What follows is taken from the original comments.
##################################################################################
Implements the Spinner edge-based balanced k-way partitioning of a graph.
The algorithm partitions N vertices across k partitions, trying to keep the
number of edges in each partition similar. The algorithm is also able to
adapt a previous partitioning to a set of updates to the graph, e.g. adding
or removing vertices and edges.

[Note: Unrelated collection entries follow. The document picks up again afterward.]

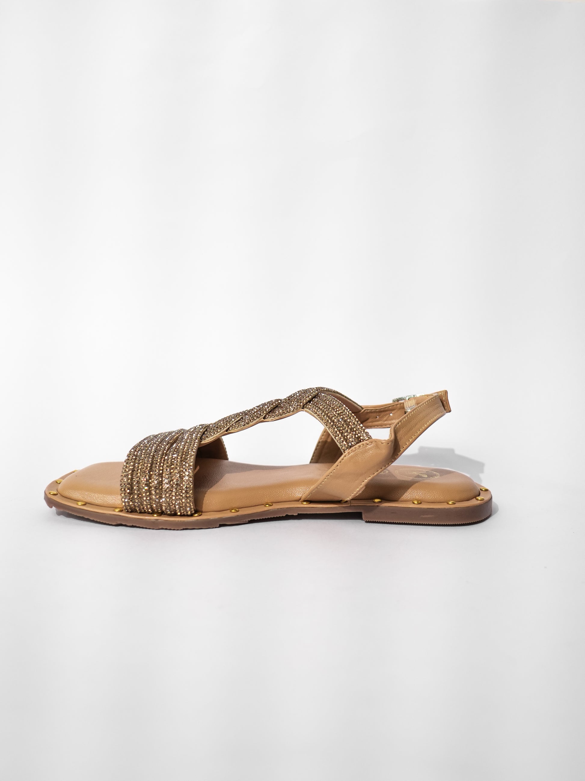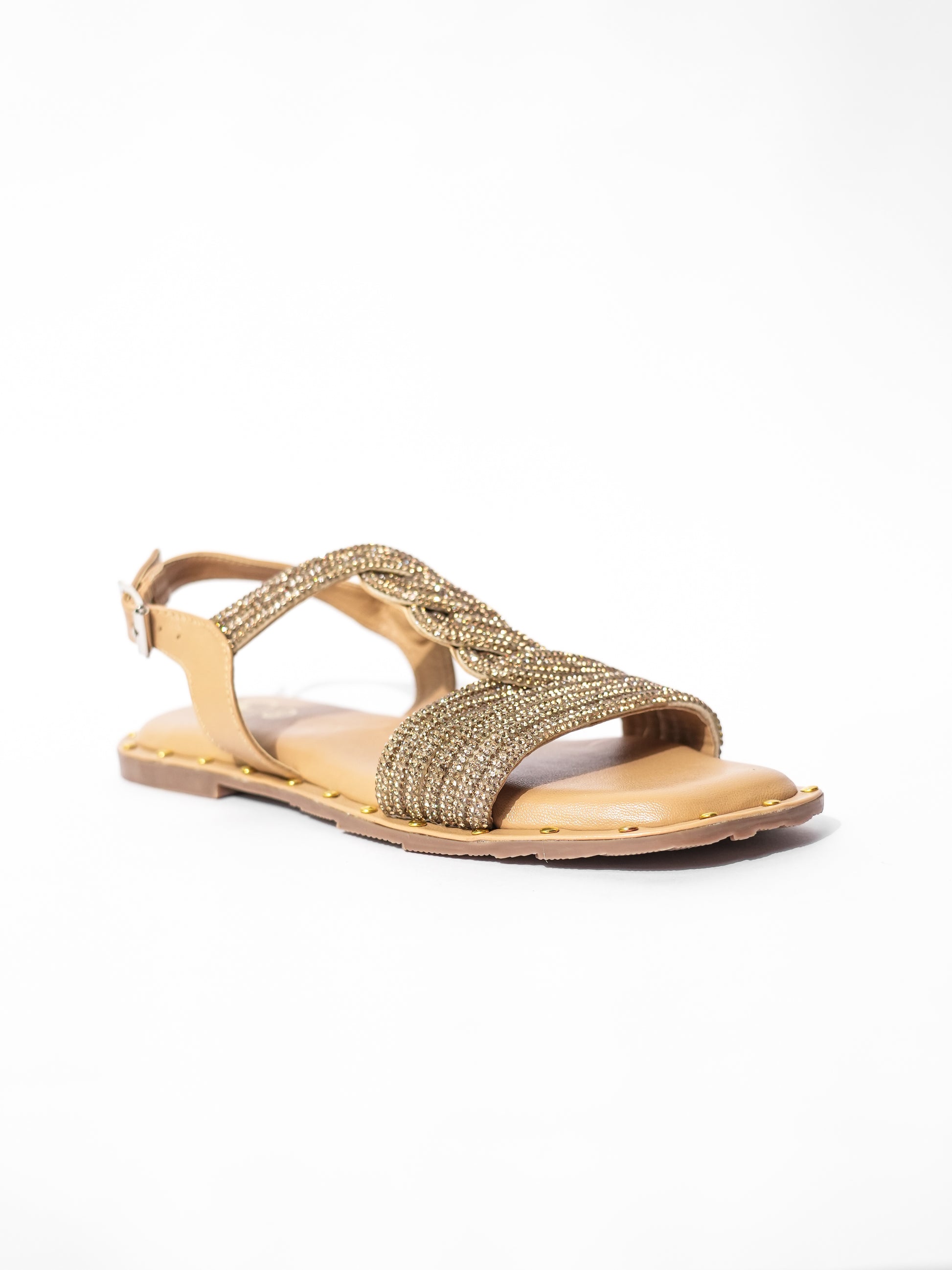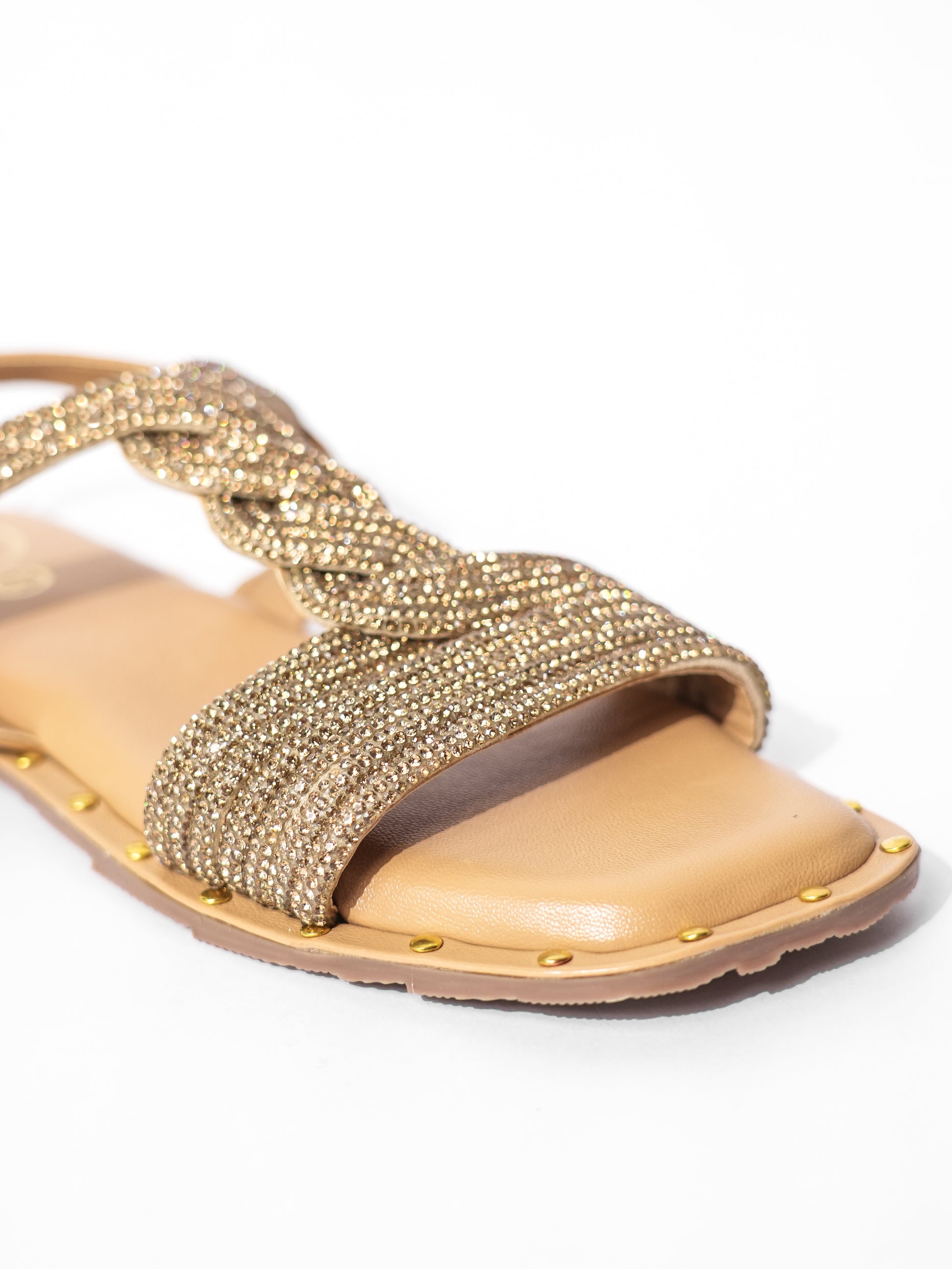 The Gold Shimmer Flats are beautifully embellished with sparkling rhinestones across the straps, offering a glamorous yet comfortable look. Handcrafted with precision and featuring a memory cushion for added comfort, these flats are perfect for any occasion. Specially designed by Sana, they bring a touch of elegance to your everyday style.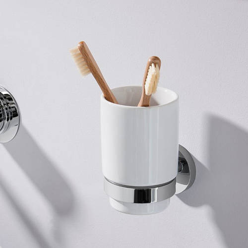 Crosswater Central bathroom accessories pack in chrome with ceramic soap dish, tumbler and toilet roll holder (pack 6).
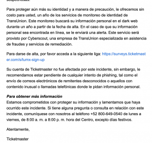 “Le recomendamos que se mantenga alerta y tome medidas para protegerse contra el robo de identidad y fraude como monitorear sus cuentas, estados de cuenta e informes de crédito gratuitos a fin de detectar indicios de actividades sospechosas”, se lee en el mensaje de Ticketmaster.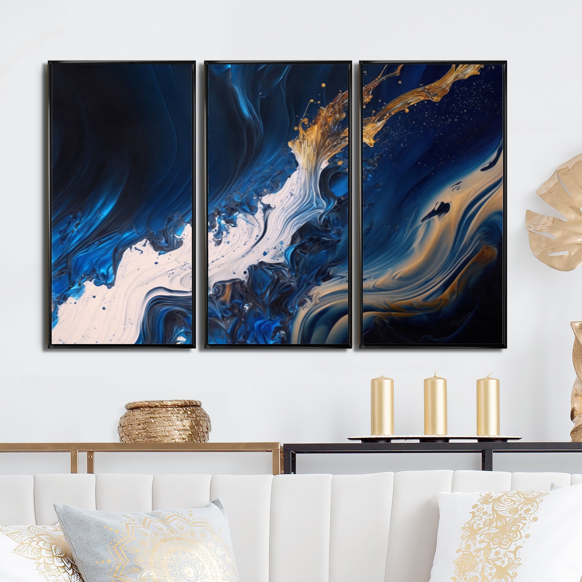 Designart "Ice Paint Splash II" Modern Spiral Framed Canvas Art Print - 3 Panels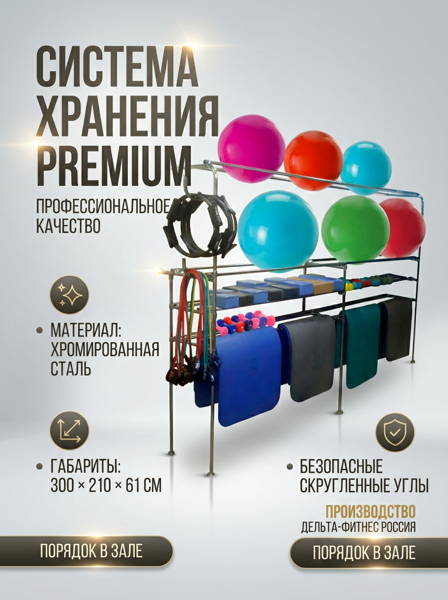 Комбинированная стойка-консоль для размещения 10 гимнастических мячей, 25 пар гантелей,20 штук йога блоков,30 гимнастических ковриков,10 пар отягощений, эспандеров и прочего инвентаря.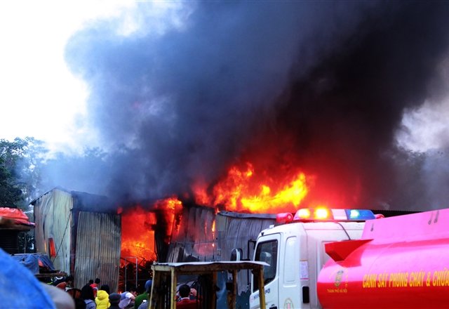 Cháy lớn tại nhà kho khu chợ ở Linh Đàm, Hà Nội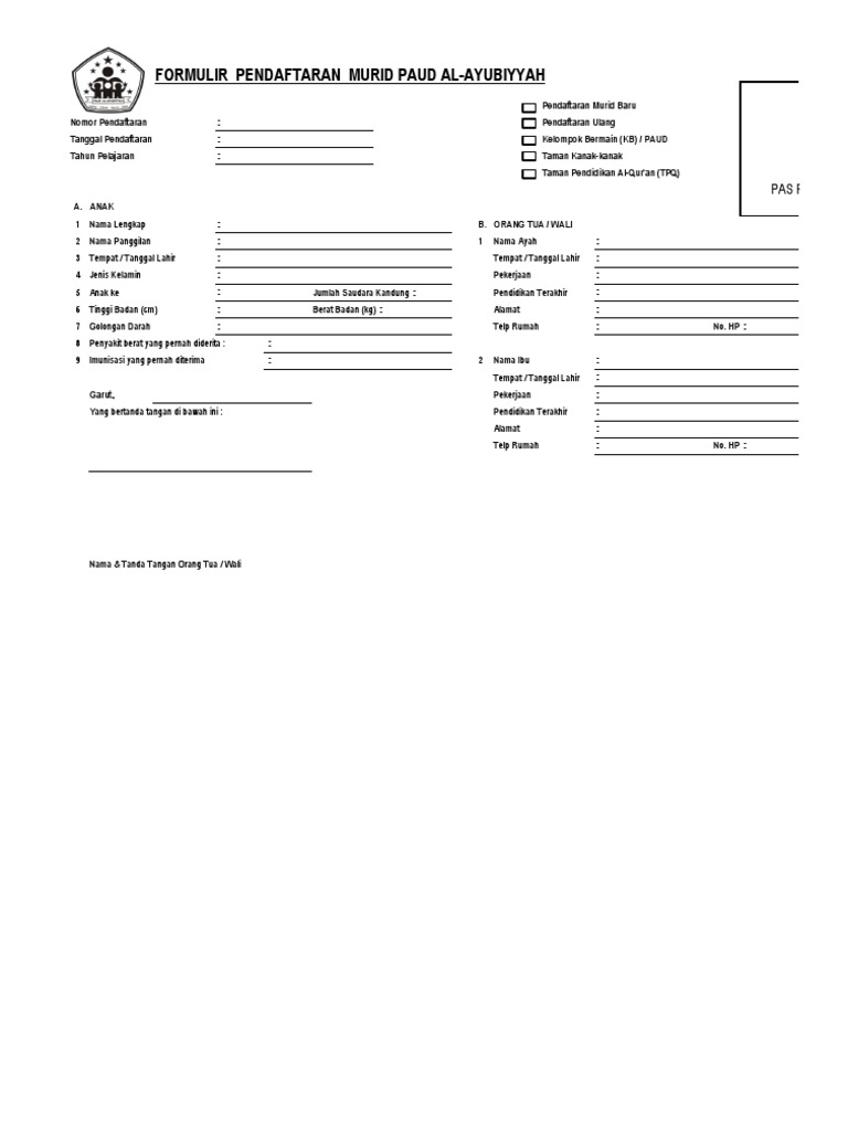 KELOMPOK BERMAIN PAUD ANAK TELADAN .Telp/Hp (Nama dan Tanda tangan Orang Tua/Wali) A. Anak KELOMPOK - [PDF Document]

The algorithm can also adapt a previous
partitioning to updates to the number of partitions, e.g. adding or removing
partitions.
The algorithm works as follows:
1) The vertices are assigned to partitions according to the following
heuristics: a) If we are computing a new partitioning, assign the vertex to a
random partition b) If we are adapting the partitioning to graph changes: (i)
If the vertex was previously partitioned, assign the previous label (ii) If
the vertex is new, assign a random partition c) If we are adapting to changes
to the number of partitions: (i) If we are adding partitions: assign the
vertex to one of the new partitions (uniformly at random) with probability p
(see paper), (ii) If we are removing partitions: assign vertices belonging to
the removed partitions to the other partitions uniformly at random. After the
vertices are initialized, they communicate their label to their neighbors,
and update the partition loads according to their assignments.
2) Each vertex computes the score for each label based on loads and the
labels from incoming neighbors. If a new partition has higher score (or
depending on the heuristics used), the vertex decides to try to migrate
during the following superstep. Otherwise, it does nothing.
3) Interested vertices try to migrate according to the ratio of vertices who
want to migrate to a partition i and the remaining capacity of partition i.
Vertices who succeed in the migration update the partition loads and
communicate their migration to their neighbors true a message.
4) Point (2) and (3) keep on being alternating until convergence is reach,
hence till the global score of the partitioning does not change for a number
of times over a certain threshold.
Each vertex stores the position of its neighbors in the edge values, to avoid
re-communicating labels at each iteration also for non-migrating vertices.
Due to the random access to edges, this class performs much better when using
OpenHashMapEdges class provided with this code.
To use the partitioning computed by this class in Giraph, see
PrefixHashPartitionerFactor
,
PrefixHashWorkerPartitioner
, and
LongWritable
.